§ Exercise prompt:
When you copy the records, keep every word exact and leave the pictures out.

Dataset items
───
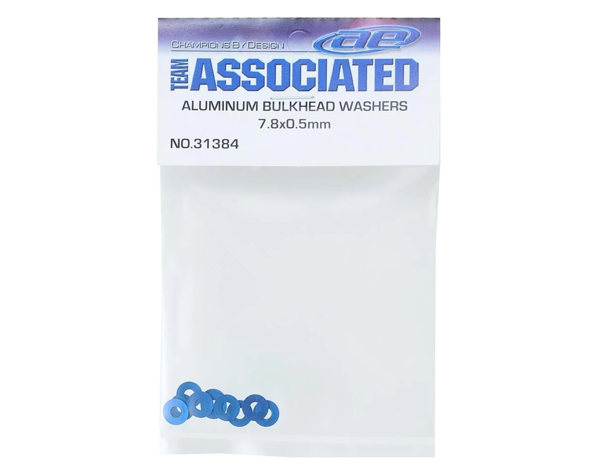 This is a ten pack of Team Associated 0.5mm Thick Aluminum Bulkhead Washers. These washers are made from aluminum alloy material and anodized blue.
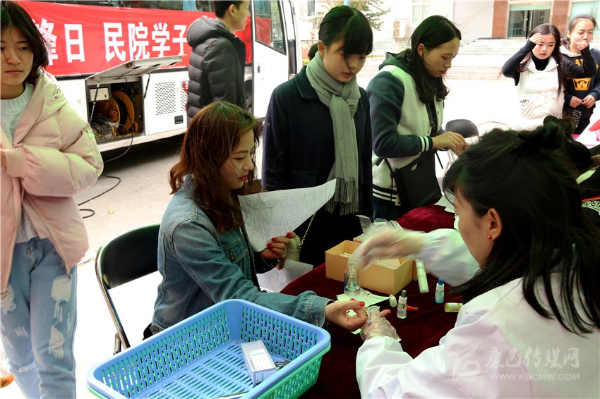 2月中旬,學(xué)院尚未開(kāi)學(xué),大學(xué)生志愿服務(wù)總隊(duì)便開(kāi)始了本次活動(dòng)的策劃和籌備,主動(dòng)與州中心血站進(jìn)行銜接,在學(xué)院內(nèi)運(yùn)用網(wǎng)絡(luò)新媒體等方式,向全院師生作無(wú)償獻(xiàn)血宣傳動(dòng)員。3月4日一大早,志愿者們就來(lái)到了指定地點(diǎn)做好準(zhǔn)備工作。獻(xiàn)血車(chē)到達(dá)后,志愿者們有序地為獻(xiàn)血的同學(xué)提供咨詢、指導(dǎo)填表、引導(dǎo)獻(xiàn)血和派發(fā)獻(xiàn)血證和紀(jì)念品等服務(wù)。本該是陽(yáng)春三月,但春天卻遲遲不肯到來(lái),凍雨仍然淅淅瀝瀝下個(gè)不停,前來(lái)獻(xiàn)血的同學(xué)不顧寒風(fēng)凜冽,在征詢處和獻(xiàn)血車(chē)外排起了長(zhǎng)長(zhǎng)的隊(duì)伍。許多同學(xué)距離上一次獻(xiàn)血還沒(méi)滿半年時(shí)間,也加入了獻(xiàn)血者的隊(duì)伍,血站工作人員只能委婉拒絕。面對(duì)這些熱心的獻(xiàn)血者,在大學(xué)生志愿者服務(wù)總隊(duì)記者的采訪中,一位同學(xué)笑著回答:“獻(xiàn)血既可以幫助他人,對(duì)自己健康也有好處,何樂(lè)而不為呢?”她揮著小拳頭:“再說(shuō)了,今天是雷鋒日,我也要爭(zhēng)當(dāng)民院小雷鋒!”
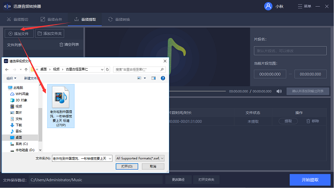 第三步:这里我们需要提取视频音频,那么可以选择进入“音频提取”界面,然后点击“添加文件”这时会有一个小窗口弹出,选择需要提取的视频片段导入即可。
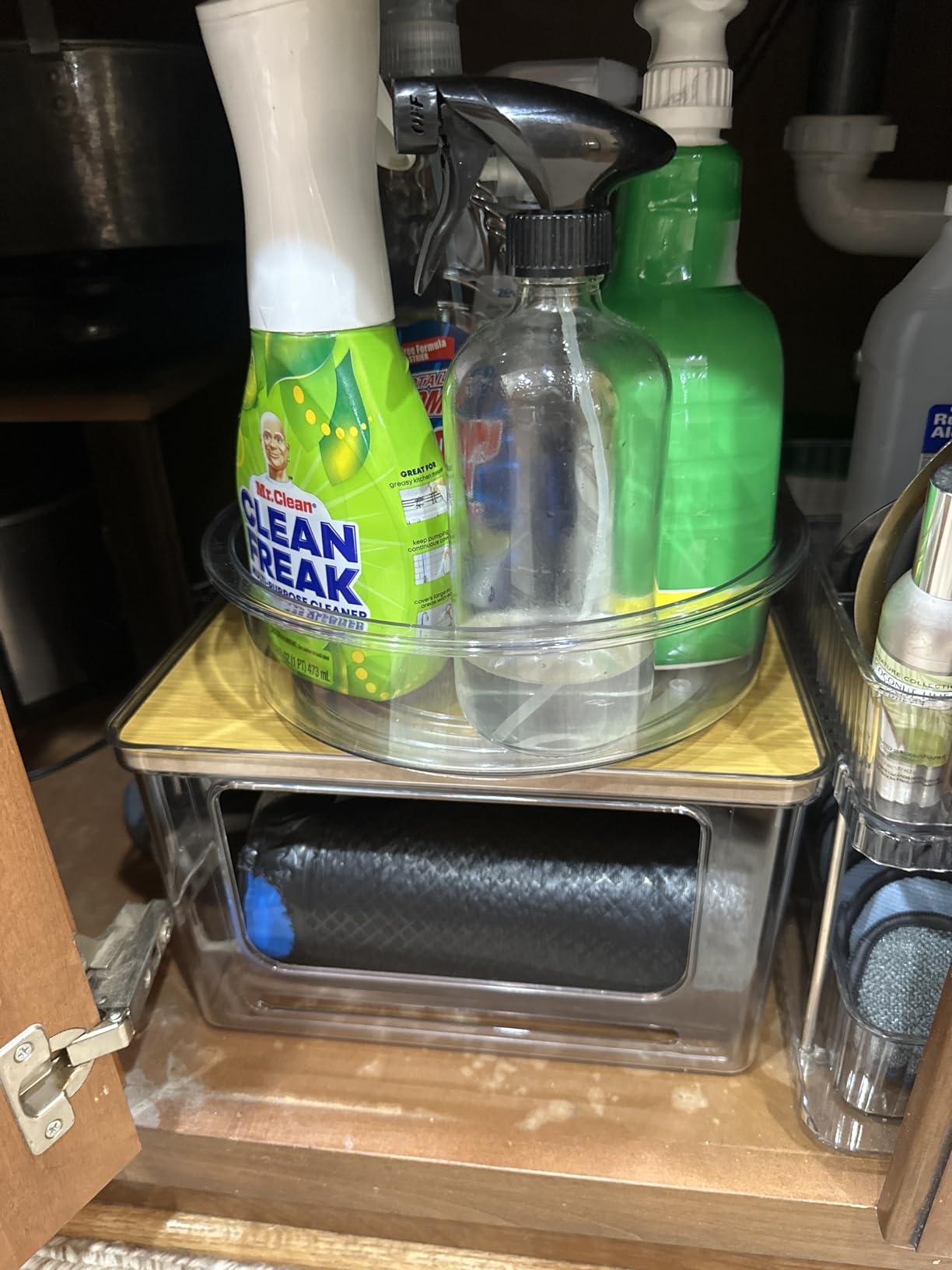 Hudgan Stackable Storage with Bamboo Top for Laundry Room Organization, Extra Large Trash Bag/Garbage Bag Dispenser, Under Sink Organizer, Pantry Organizers customer photo 1
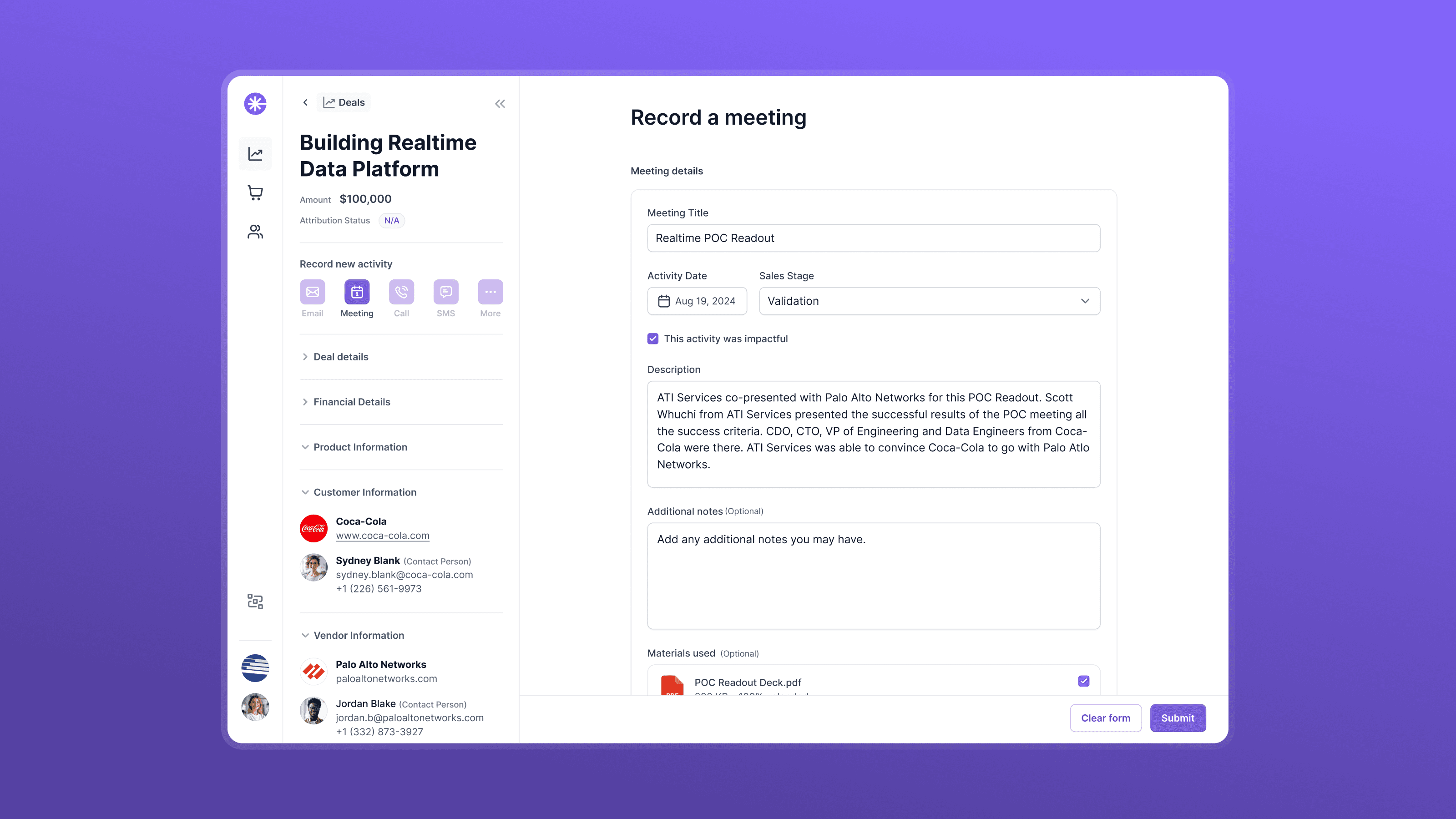 The app posed its own set of design challenges. It needed to house a large amount of sales information, which required careful consideration to avoid clutter. So my focus was on creating clear, intuitive layouts that made it easy for users to log and verify interactions efficiently.
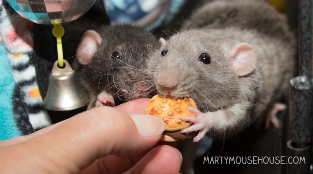 Hi everyone. MM here. I have something kind of serious to tell you today. There was a freak rat pile accident this weekend, and Augie’s eye was injured pretty badly. Thankfully even though it was Sunday, his regular vet was on the Sunday rotation and we were able to get him seen immediately. He got some pretty good pain meds (judging by his behavior later that night) and is resting comfortably. We went in for a recheck this morning, and it’s still too early to know what the fate of his eye will be, but we are hoping for the best! Tonight he is chilling and enjoying some peas. (Photo is obviously pre-trauma, enjoying some burgers).
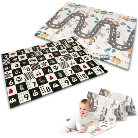 1 kép Nukido összehajtható kétoldalas Játszószőnyeg 150x200cm - Számok és Járművek #fekete-fehér
───
§ Solution to this task:
 This is a ten pack of Team Associated 0.5mm Thick Aluminum Bulkhead Washers. These washers are made from aluminum alloy material and anodized blue.
 2月中旬,學(xué)院尚未開(kāi)學(xué),大學(xué)生志愿服務(wù)總隊(duì)便開(kāi)始了本次活動(dòng)的策劃和籌備,主動(dòng)與州中心血站進(jìn)行銜接,在學(xué)院內(nèi)運(yùn)用網(wǎng)絡(luò)新媒體等方式,向全院師生作無(wú)償獻(xiàn)血宣傳動(dòng)員。3月4日一大早,志愿者們就來(lái)到了指定地點(diǎn)做好準(zhǔn)備工作。獻(xiàn)血車(chē)到達(dá)后,志愿者們有序地為獻(xiàn)血的同學(xué)提供咨詢、指導(dǎo)填表、引導(dǎo)獻(xiàn)血和派發(fā)獻(xiàn)血證和紀(jì)念品等服務(wù)。本該是陽(yáng)春三月,但春天卻遲遲不肯到來(lái),凍雨仍然淅淅瀝瀝下個(gè)不停,前來(lái)獻(xiàn)血的同學(xué)不顧寒風(fēng)凜冽,在征詢處和獻(xiàn)血車(chē)外排起了長(zhǎng)長(zhǎng)的隊(duì)伍。許多同學(xué)距離上一次獻(xiàn)血還沒(méi)滿半年時(shí)間,也加入了獻(xiàn)血者的隊(duì)伍,血站工作人員只能委婉拒絕。面對(duì)這些熱心的獻(xiàn)血者,在大學(xué)生志愿者服務(wù)總隊(duì)記者的采訪中,一位同學(xué)笑著回答:“獻(xiàn)血既可以幫助他人,對(duì)自己健康也有好處,何樂(lè)而不為呢?”她揮著小拳頭:“再說(shuō)了,今天是雷鋒日,我也要爭(zhēng)當(dāng)民院小雷鋒!”
 第三步:这里我们需要提取视频音频,那么可以选择进入“音频提取”界面,然后点击“添加文件”这时会有一个小窗口弹出,选择需要提取的视频片段导入即可。
 Hudgan Stackable Storage with Bamboo Top for Laundry Room Organization, Extra Large Trash Bag/Garbage Bag Dispenser, Under Sink Organizer, Pantry Organizers customer photo 1
 The app posed its own set of design challenges. It needed to house a large amount of sales information, which required careful consideration to avoid clutter. So my focus was on creating clear, intuitive layouts that made it easy for users to log and verify interactions efficiently.
 Hi everyone. MM here. I have something kind of serious to tell you today. There was a freak rat pile accident this weekend, and Augie’s eye was injured pretty badly. Thankfully even though it was Sunday, his regular vet was on the Sunday rotation and we were able to get him seen immediately. He got some pretty good pain meds (judging by his behavior later that night) and is resting comfortably. We went in for a recheck this morning, and it’s still too early to know what the fate of his eye will be, but we are hoping for the best! Tonight he is chilling and enjoying some peas. (Photo is obviously pre-trauma, enjoying some burgers).
 1 kép Nukido összehajtható kétoldalas Játszószőnyeg 150x200cm - Számok és Járművek #fekete-fehér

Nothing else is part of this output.